I ran on teams. But I believe my afib came from running too far, too fast, too long. If I had slowed down at 62, I think I wouldn’t have had a problem… at least not this early. I also have treated mild sleep apnea. So we figure we have lots of time with them. When I was their age, I never had to think about this stuff. When I got older, I thought doctors could tell if you had any kind of a heart problem with just a stethoscope and some blood tests. You either had blocked arteries or you didn’t. Simple. I never dreamed there was such a thing as a heart rhythm problem for the athletic and healthy. Knowing this stuff exists, even if you don’t have an arrhythmia, is anxiety producing… particularly for kids. My wife was an avid runner who ran half marathons. She decided to cut back given the high incidence of afib among endurance athletes and given her family history.

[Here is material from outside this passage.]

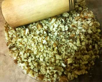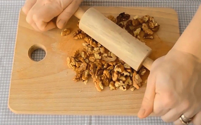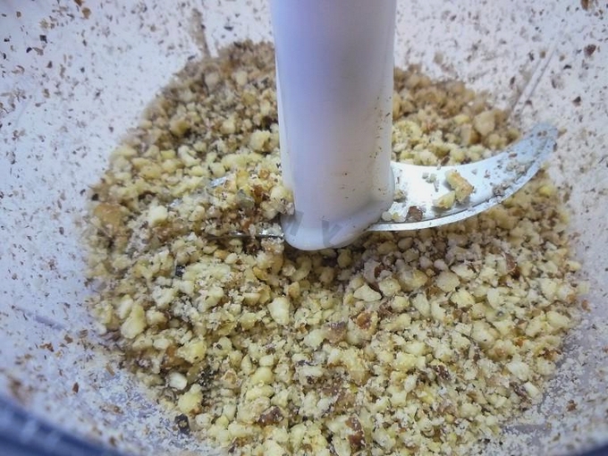 - We verpletteren walnoten met een speciale crush, als het er niet is, dan kun je een blender gebruiken.

So afib affects everyone around the person(s) with afib. Good luck with your ablation. As an aside, I took my family to San Antonio (we are from New Jersey) and when we got there, everything looked pretty much like New Jersey, so my son, who was really young at the time, asked “Where’s the cowboys?” The only answer I could come up with was “I think they’re in Dallas”. -Pete
Thanks for stopping by! Sounds like you have some pretty athletic and talented kids. That’s awesome!
Unfortunately, there actually is a very strong genetic connection with atrial fibrillation. Like you said, I don’t know that there is a lot of data but a few EPs I’ve talked to said there is a connection and I just see it all the time in the emails and comments I get on this website. My father has afib. His aunt had it too. It definitely runs in our family. I often wonder if my younger brother will get it someday.
My daughter has asked from time-to-time if she’ll get afib. She doesn’t ask in a scared or worried way. She’s just curious. I just shoot straight with her. I tell her that there is a possible genetic connection but that she doesn’t have to worry about it for many years. I also tell her that they’ll hopefully have a cure by the time she even has to think about it. She’s been cool with that answer.
The good news is it’s not likely that our kids will come down with this crap when they’re young – if they get it at all. Of course I say that but I shouldn’t talk as I got it in my early 30s!
I used to run really hard too (in my 20s) so I’m sure that didn’t help – and I was also a very heavy drinker and had a train wreck of a diet. I think if I wouldn’t have worked out so hard and had a healthy lifestyle I could have post poned the inevitable until at least my 50s but I don’t think I could have avoided it because of the genetic connection with my family. I think I was screwed no matter what.
Are you on any daily meds? Do you have any plans to stop the afib (i.e. ablation)? You’re somewhat fortunate. When I have afib, it basically knocks me on my ass. I can’t do anything. My dad is like you. He’s been in persistent afib for several years and he doesn’t even notice it.
Good line about the cowboys being in Jersey. I have relatives in San Antonio but I haven’t been there in years.
Take care and I hope your kids are able to live a life free of afib!!